Vitamin A is necessary for acquisition, but not for expression or progression, of CNS autoimmunity.

作者信息

Horai Reiko, Zhou Ru, Bing So Jin, Wloka Kaska, Jittyasothorn Yingyos, Duncan Todd E, Mattapallil Mary J, Silver Phyllis B, Chan Chi-Chao, Caspi Rachel R

机构信息

Laboratory of Immunology, National Eye Institute, National Institutes of Health, 9000 Rockville Pike, Bethesda, MD 20892, USA.

Laboratory of Retinal Cell & Molecular Biology, National Eye Institute, National Institutes of Health, 9000 Rockville Pike, Bethesda, MD 20892, USA.

出版信息

bioRxiv. 2025 May 23:2025.05.18.654726. doi: 10.1101/2025.05.18.654726.

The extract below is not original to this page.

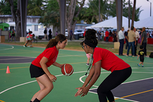 Como parte de los trabajos realizados, la cancha de baloncesto al aire libre de unos 3,000 pies cuadrados fue reacondicionada y pintada. Se le instalaron dos postes de 40 pies de altura, con conexión eléctrica y se instalaron cuatro luminarias tipo LED.
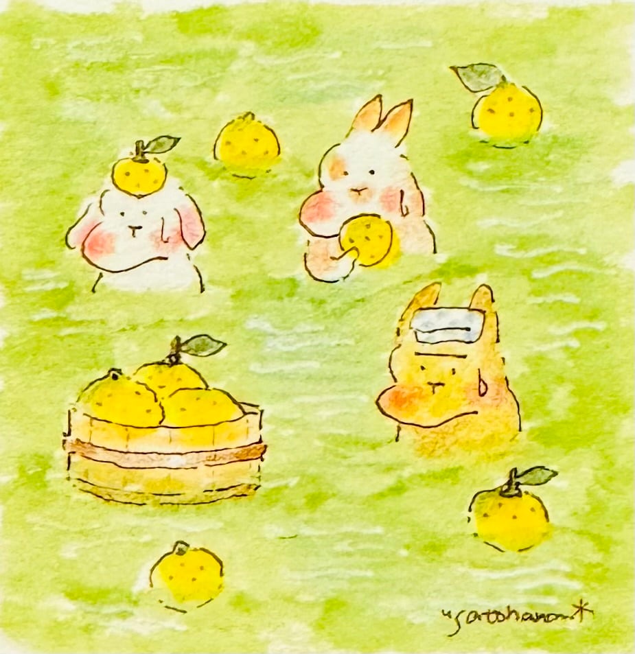 【うさぎのむう】ゆず湯でポカポカ(原画) 手描きイラスト 絵 雑貨 贈り物 プレゼント

DOI:10.1101/2025.05.18.654726
PMID:40492202
原文链接:https://pmc.ncbi.nlm.nih.gov/articles/PMC12148060/
Abstract

Vitamin A (VitA) and its derivative retinoic acid (RA) are essential for immunological responses. In VitA deficient (VAD) mice, acquisition of effector responses is impeded, but little is known about maintenance and expression of previously acquired effector function under the VAD conditions. We examined the impact of VAD on progression of autoimmune diseases using two models of uveitis, experimental autoimmune uveitis (EAU) induced by active immunization and spontaneous uveitis in retina-specific T cell receptor transgenic (R161H) mice, and in the model of experimental autoimmune encephalomyelitis (EAE). VAD was induced by dietary lack of VitA from before birth, or by daily injections of a pan-RA receptor inhibitor BMS493 in adult mice fed with the standard diet. VAD mice were essentially resistant to induction of EAU or EAE and displayed impaired effector T cell responses. Defective priming/acquisition of effector function by VAD T cells was also evident. By contrast, spontaneously uveitic R161H mice fed with VAD diet, in which priming of pathogenic T cells occurs before onset of full VAD, only moderately attenuated uveitis compared to VitA sufficient R161H mice. To reconcile somewhat different results between induced model and spontaneous model of uveitis, we examined EAU in partial VAD mice or adoptive transfer into VAD hosts. The results supported that effector T cells primed in VitA-sufficient environment were able to function in VAD environment and induced EAU. We conclude that although priming of naïve T cells in the VAD environment is defective, effector function acquired under VitA sufficient conditions is maintained and can be expressed under VAD conditions. Because dietary lack of VitA is rarely profound and may be seasonal, our findings may shed light on immunity and autoimmunity in geographical regions where dietary VitA is limiting.

摘要

维生素A(VitA)及其衍生物视黄酸(RA)对免疫反应至关重要。在维生素A缺乏(VAD)的小鼠中,效应反应的获得受到阻碍,但对于在VAD条件下先前获得的效应功能的维持和表达知之甚少。我们使用两种葡萄膜炎模型、实验性自身免疫性葡萄膜炎(EAU)(通过主动免疫诱导)和视网膜特异性T细胞受体转基因(R161H)小鼠的自发性葡萄膜炎,以及实验性自身免疫性脑脊髓炎(EAE)模型,研究了VAD对自身免疫性疾病进展的影响。从出生前开始通过饮食缺乏VitA诱导VAD,或在喂食标准饮食的成年小鼠中每日注射泛RA受体抑制剂BMS493来诱导VAD。VAD小鼠对EAU或EAE的诱导基本具有抗性,并表现出效应T细胞反应受损。VAD T细胞在启动/获得效应功能方面的缺陷也很明显。相比之下,喂食VAD饮食的自发性葡萄膜炎R161H小鼠,其中致病性T细胞的启动在完全VAD发作之前发生,与维生素A充足的R161H小鼠相比,葡萄膜炎仅中度减轻。为了协调葡萄膜炎诱导模型和自发模型之间有些不同的结果,我们检查了部分VAD小鼠中的EAU或过继转移到VAD宿主中的情况。结果支持在维生素A充足环境中启动的效应T细胞能够在VAD环境中发挥作用并诱导EAU。我们得出结论,虽然在VAD环境中幼稚T细胞的启动存在缺陷,但在维生素A充足条件下获得的效应功能得以维持,并且可以在VAD条件下表达。由于饮食中缺乏VitA很少会很严重,而且可能具有季节性,我们的发现可能会为饮食中VitA有限的地理区域的免疫和自身免疫提供线索。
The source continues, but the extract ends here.